I’m not going to go through the whole thing, but it goes on like that. For the most part, our judgments of what’s good or what’s bad or what’s lucky or what’s unlucky are sometimes only in the context of what we can see in that immediate time as opposed to how it plays into the bigger picture, which a lot of the time depends on what do we do with it when it’s there. Are we a victim of circumstances or do we figure out, given this, how to proceed?
Our judgments of what’s good or bad, or what’s lucky or unlucky, are sometimes only in the context of what we can see in that immediate time as opposed to how it plays into the bigger picture.
Actually, when you started reciting that, I realized I had heard that before, but that’s a good story to keep in mind. The question of course, is intended to create a bit of a dialogue because it’s hard, but some people do. They’ll say 90% hard work, done. All right, great. Maybe that’s what it is, but sometimes we don’t realize that there’s luck involved. We don’t perceive it as luck at the time. If we look back, maybe in hindsight, we start to see how lucky we were.
I appreciate that. Thank you, Cam. I appreciate the answer. Thanks for sharing everything that you have. I want to have you back on because we need to start talking a bit more. As I told you before, I don’t do a lot of clinical-type conversations and this one wasn’t at all because this was a lot more about how we need to think about VT and how we can change the profession in our practices. I think we need to do a bit more of a clinical conversation where you can talk about some how-tos, how to fix this problem, how to solve this issue. We’ll have you back for that. I want to do that course and we’ll see how that goes as well for my practice and it’d be fun. Any final words you want to say?
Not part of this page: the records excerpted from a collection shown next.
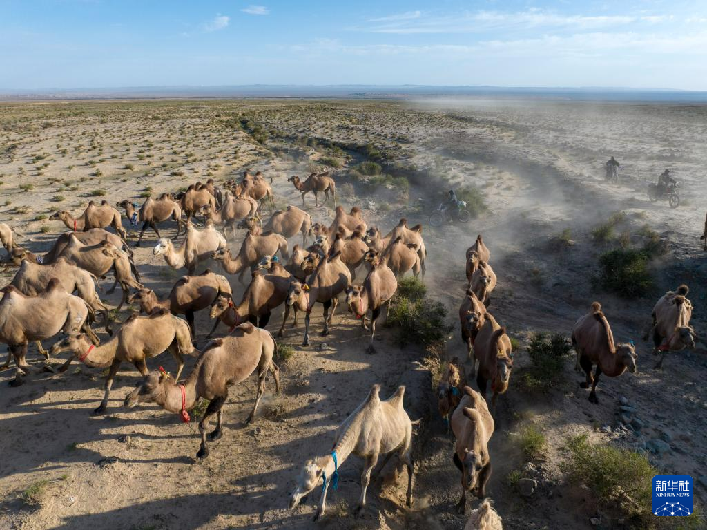 7月26日,牧民赶着成群的骆驼转场(无人机照片)。新华社发(高宏善 摄)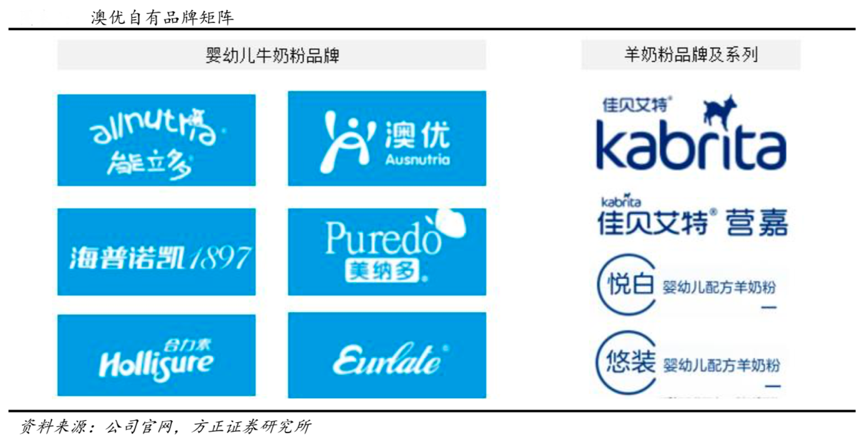 經(jīng)典案例:根據(jù)公司官網(wǎng)、方正證券研究所等綜合資訊表明,澳優(yōu)從創(chuàng)立以來成功孵化了多個(gè)品牌:(1)羊奶粉:公司 2011 年收購荷蘭海普諾凱,成功打造了核心大品 牌羊奶粉“佳貝艾特”,乳源和生產(chǎn)均在荷蘭。(2)牛奶粉:采用多品牌戰(zhàn)略,以品牌為業(yè)務(wù)單元發(fā)展了海普卡諾、 能力多、美納多等事業(yè)單元。2019 年佳貝艾特收入規(guī)模 29 億元,穩(wěn)居羊奶粉的第一品牌,根據(jù)海關(guān)數(shù)據(jù)在進(jìn)口羊奶粉總量中佳貝艾特占比高達(dá) 61%。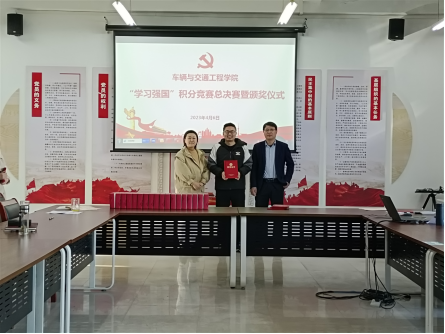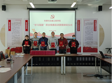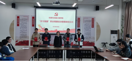 为深入贯彻落实党的二十大精神,认真学习习近平新时代中国特色社会主义思想,进一步激发广大党员学习奋发向上的热情,车辆与交通学院党委从3月1日到21日举行了为期21天的“学习强国”学习积分竞赛活动,此次活动分为教师组和学生组两组,各选出“学习标兵”10人,“优秀学员”5人,优秀学习党支部1个,分别于4月4日和4月6日举行一、二、三等奖决赛及颁奖仪式。

It’d be fun at some point to get into some of the more contentious topics, too, because those are the things that I love digging through on the logic side of it as well. I’m more than happy to do that.
I want to get angry emails from people in VT.
You know you’re doing it right if you get angry emails from people on both sides of the coin. You know then that you got it. Last words, what I’d say is for anybody out there who’s reading, if you’re in the Victoria, Vancouver Island area, always feel free to give us a buzz and come check out the office. I’d be more than happy to show people around or I’d encourage them in their local area. If they’re co-managing with VT ods, get to know them. Go check out how they approach things because it will be different depending on the person and you’ll find somebody whom you mesh well with and the practice works well and it can be a symbiotic relationship.
That’s actually a great idea. Actually, that’s another one of the points I like to make when it comes to strengthening our profession. It’s working with each other. OD to OD referrals and connections like that is what’s going to help strengthen our profession versus ignoring the problem. Let me go on a bit of a tangent. When we ignore a problem, somebody else is going to come and fill the gap, so to speak there.
That’s not always going to be an entity that we want to be there to fill that gap. With our relationships amongst one another, we need to fill those gaps, but it helps provide a better perception to the patient, too. “My primary care OD knows what he’s doing because he or she sent me to a specialist in the area who knows what they’re doing and I got a good experience.” I go back to my primary care OD and I’m happy with that whole relationship versus something not happening to that effect. That’s going to help us build our entire profession in the long-term. I like that little point that you’ve made as well. Thanks again, Cam. I appreciate your time, and I look forward to having you back again. Thank you to everybody who’s reading. Thank you for reading and I look forward to seeing you guys in the next episode.